The others applauded when Henry climbed to his feet. He was the most serious casualty. Alice had a black eye, and a young man had a bleeding nose and a line of welts across his face where a chain had struck him. He wore his bruises like a badge of honour. All of them were chattering excitedly, flushed with the thrill of victory.
It’s not over, Henry thought. But he kept the thought to himself as he slipped out of the group and headed home. His handkerchief was gone, and there was no discreet way to ask if any of the gang had seen his face. It was a relief to find the little blue house standing quiet and intact, and he breathed a prayer of thanks as he let himself inside. French Murphy might still take a terrible revenge, but for now Widow Cready and her daughter were safe.

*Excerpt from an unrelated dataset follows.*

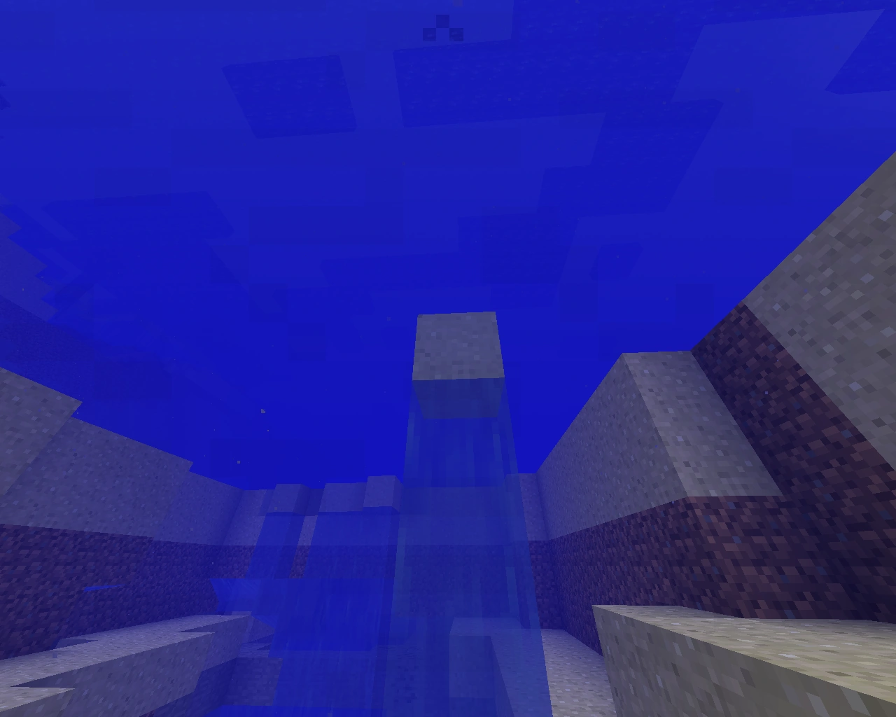 Veden alla oleva hiekka joka ei bugin takia putoa.

He was exhausted, but he lay awake reliving the battle. It should’ve gone much worse. Only the intervention of two masked fools had saved them all from disaster. Henry was intensely curious about Crusher and Typhoon. They were remarkably effective together, like a hammer and an anvil, but they were vulnerable to gunfire. Oh, Typhoon could dodge the shots, and Crusher could deflect them, but the innocent people they were trying to protect could be gunned down before the two heroes could react.
What they needed, Henry reflected, was a ranged weapon. He fell asleep dreaming of joining them, wearing a mask and using a bow to round out their defences.
* * *
The next morning, he dropped a knife while spreading jam on a slice of toast. It was a bitter reminder that his twisted fingers would never hold a bowstring again. He was good for stacking lumber and busting heads, and that was about it. He left the house in a sour mood and headed for the factory site to see if it had burned yet.
He found most of the crew already there, getting ready to raise the walls. Alice’s shiner had blackened and spread into a magnificent blossom that covered a quarter of her face. If it bothered her, he couldn’t tell by looking at her. She was as indomitable as always.